Data section ▸
══════════════════════════════

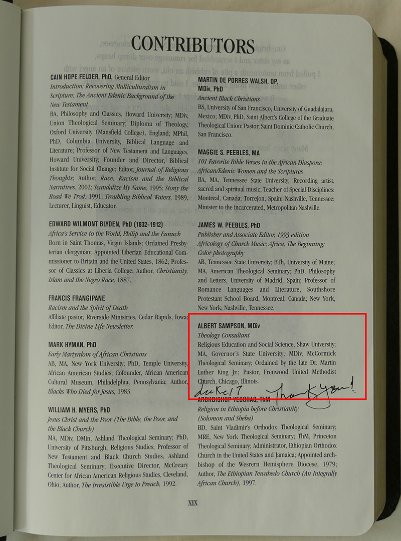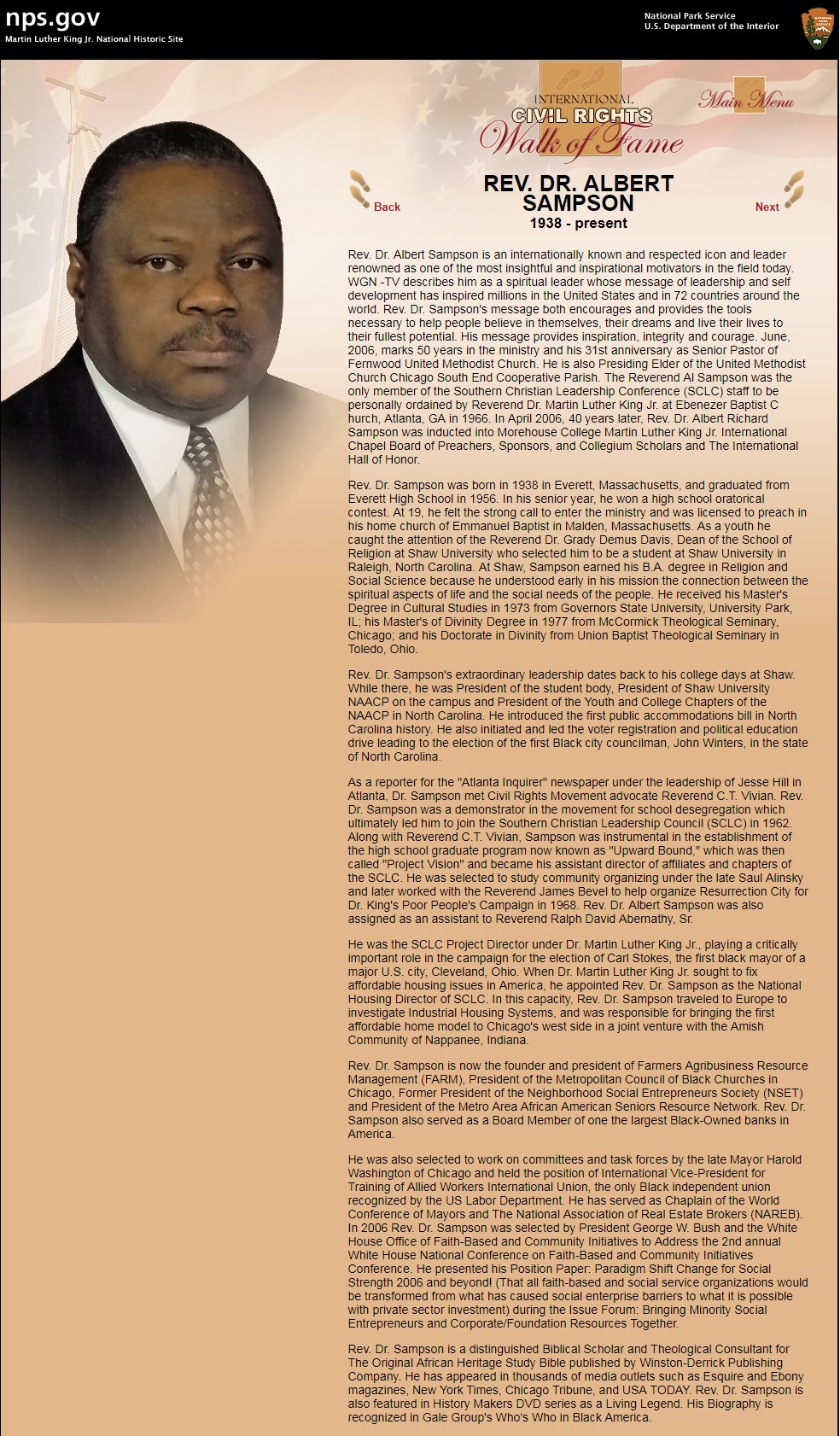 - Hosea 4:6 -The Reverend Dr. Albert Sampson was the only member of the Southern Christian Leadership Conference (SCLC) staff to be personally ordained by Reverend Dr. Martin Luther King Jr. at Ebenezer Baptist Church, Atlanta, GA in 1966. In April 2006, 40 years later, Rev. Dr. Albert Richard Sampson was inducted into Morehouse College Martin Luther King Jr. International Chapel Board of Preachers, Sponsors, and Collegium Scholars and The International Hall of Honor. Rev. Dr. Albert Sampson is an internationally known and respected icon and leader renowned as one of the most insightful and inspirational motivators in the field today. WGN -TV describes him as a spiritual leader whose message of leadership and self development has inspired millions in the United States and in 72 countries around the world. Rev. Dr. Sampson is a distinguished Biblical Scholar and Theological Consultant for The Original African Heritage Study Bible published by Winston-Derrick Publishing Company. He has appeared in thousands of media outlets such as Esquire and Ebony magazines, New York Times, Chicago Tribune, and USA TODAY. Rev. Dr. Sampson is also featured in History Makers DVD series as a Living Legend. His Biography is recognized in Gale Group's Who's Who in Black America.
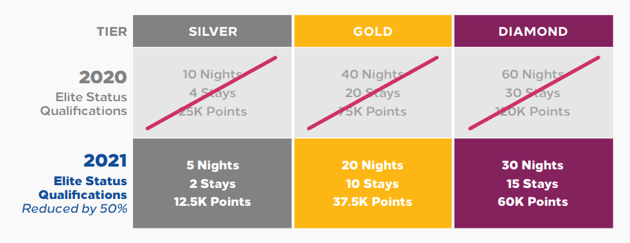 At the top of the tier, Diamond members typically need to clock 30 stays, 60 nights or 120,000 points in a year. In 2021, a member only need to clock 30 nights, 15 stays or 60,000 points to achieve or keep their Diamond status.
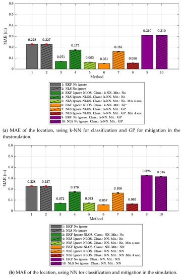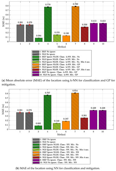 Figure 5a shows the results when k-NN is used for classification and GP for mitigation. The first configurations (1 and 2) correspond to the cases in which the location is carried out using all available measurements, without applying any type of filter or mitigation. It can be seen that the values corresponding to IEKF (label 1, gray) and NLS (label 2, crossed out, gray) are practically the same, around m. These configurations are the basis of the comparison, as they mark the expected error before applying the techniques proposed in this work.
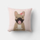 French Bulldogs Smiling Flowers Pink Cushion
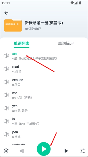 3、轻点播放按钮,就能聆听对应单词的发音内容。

══════════════════════════════

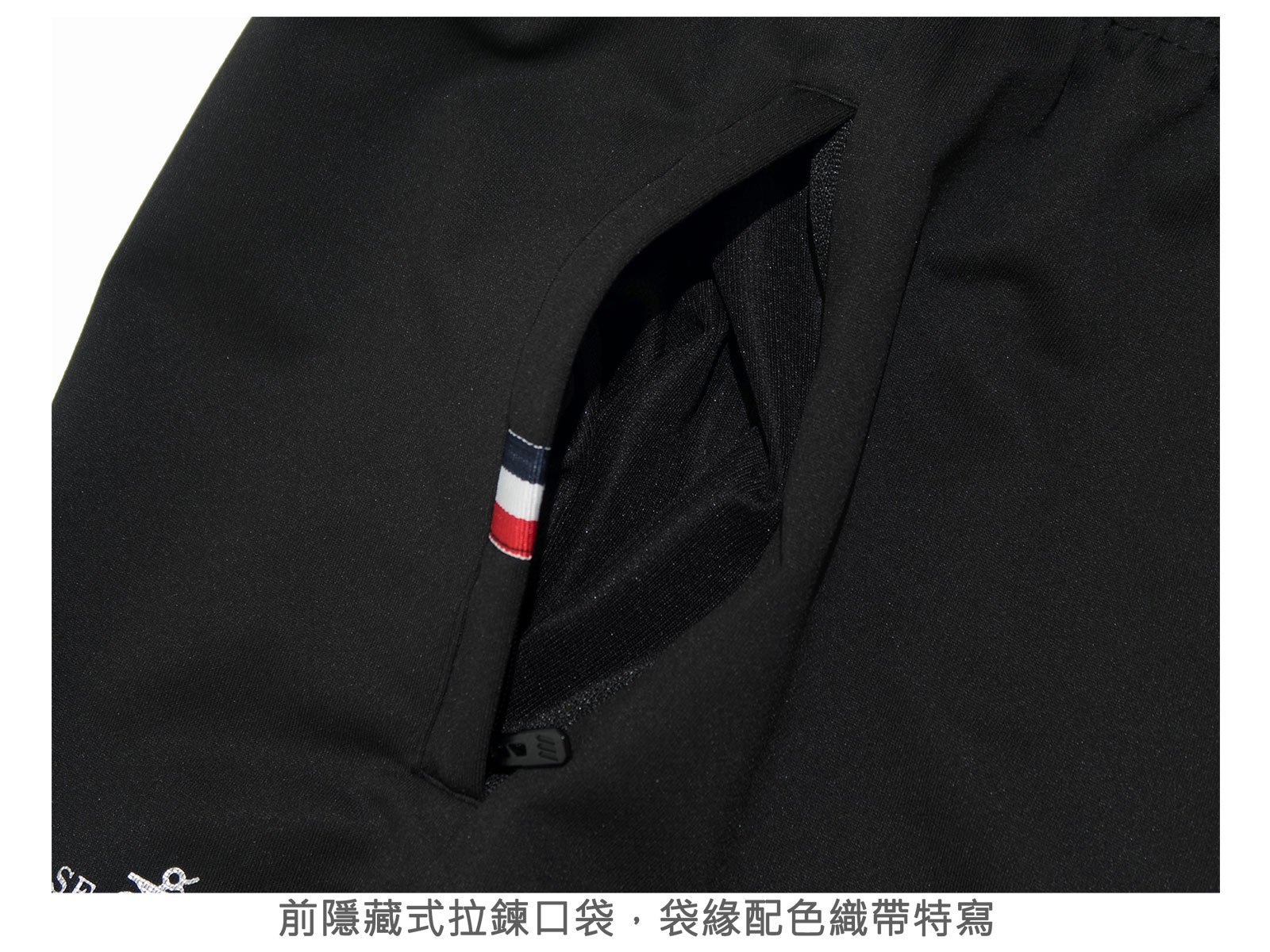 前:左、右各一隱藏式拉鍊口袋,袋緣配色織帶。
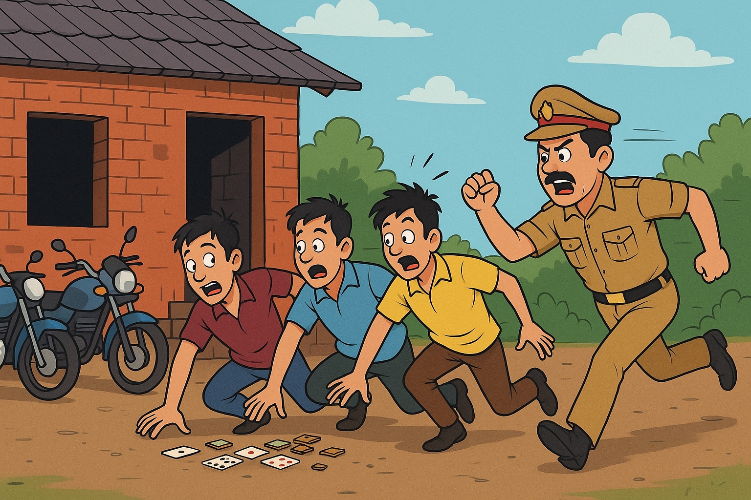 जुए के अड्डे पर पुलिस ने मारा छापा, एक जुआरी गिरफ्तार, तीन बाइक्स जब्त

══════════════════════════════

In the data above, start at the line holding "前:左、右各一隱藏式拉鍊口袋,袋緣配色織帶。" and stop after the line holding "जुए के अड्डे"; write out those lines exactly, without pictures.

Output of the exercise ▸
 前:左、右各一隱藏式拉鍊口袋,袋緣配色織帶。
 जुए के अड्डे पर पुलिस ने मारा छापा, एक जुआरी गिरफ्तार, तीन बाइक्स जब्त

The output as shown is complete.